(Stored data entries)
###
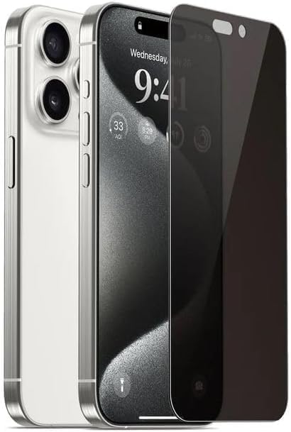 - متوافق مع شاشة الخصوصية غير اللامعة لموبايل ابل ايفون 15 برو ماكس مضاد للتجسس، واقي شاشة، مضاد للتوهج، مضاد لبصمات الأصابع
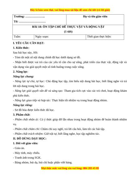 BÀI 18: ÔN TẬP CHỦ ĐỀ THỰC VẬT VÀ ĐỘNG VẬT (1 tiết) Tuần: Ngày soạn: Thời gian thực hiện: I. YÊU CẦU CẦN ĐẠT: 1. Kiến thức: Sau bài học này, HS:
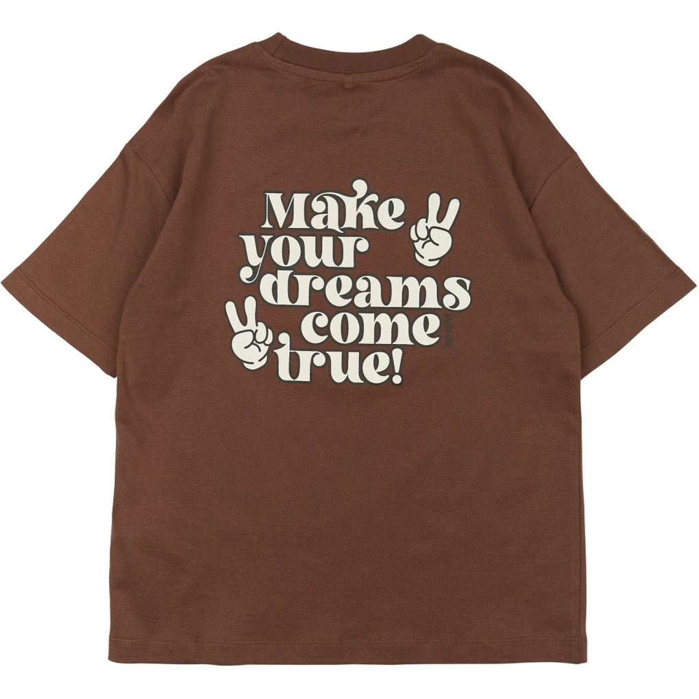 Ce t-shirt oversize de THE NEW allie un design épuré et décontracté. Le devant arbore un petit signe de paix, tandis que le dos est orné du texte « Make your dreams come true » et de deux signes de paix. Idéal pour une tenue décontractée, il véhicule un message positif. Disponible en deux coloris.
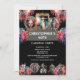 A vibrant, striking and dazzling night scene of a trapeze artist about to start her routine; a freak with tattoos and roses on his head and a ringmaster wearing a top hat and dashing jacket all resting along the top edge of a rectangular inlay set on black. Colourful exploding fireworks appear around them and a row of people donning their festive carnival outfits line the bottom edge of the invite. There are editable white text templates above them for your custom wording. This luxurious, elegant and upmarket watercolor ai design is ideal for a festival, carnival or circus celebration whether it be a retirement, birthday, halloween or a sit down dinner party. This is suited to both teens and adults
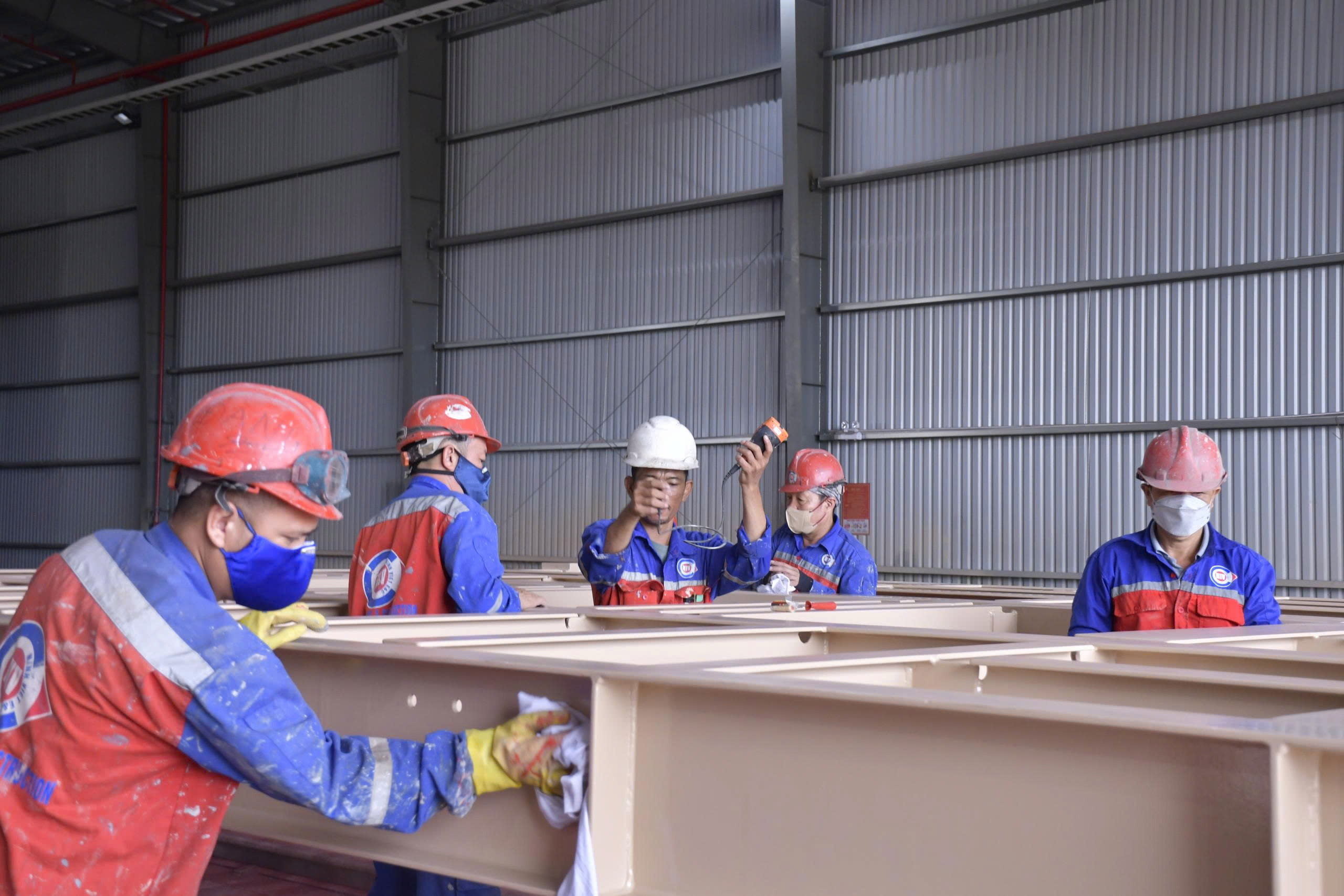 80% công nhân Công ty CP Kỹ thuật và Xây lắp Minh Việt trở lại làm việc trong ngày làm việc đầu tiên sau kỳ nghỉ tết. Ảnh: TRÚC GIANG
###
* REQUIRED ACTION:
From the records above, copy only the lines running from the line containing "BÀI 18: ÔN TẬP" to the line containing "Ce t-shirt oversize", both ends included. Leave the pictures out.

* EXERCISE SOLUTION:
 BÀI 18: ÔN TẬP CHỦ ĐỀ THỰC VẬT VÀ ĐỘNG VẬT (1 tiết) Tuần: Ngày soạn: Thời gian thực hiện: I. YÊU CẦU CẦN ĐẠT: 1. Kiến thức: Sau bài học này, HS:
 Ce t-shirt oversize de THE NEW allie un design épuré et décontracté. Le devant arbore un petit signe de paix, tandis que le dos est orné du texte « Make your dreams come true » et de deux signes de paix. Idéal pour une tenue décontractée, il véhicule un message positif. Disponible en deux coloris.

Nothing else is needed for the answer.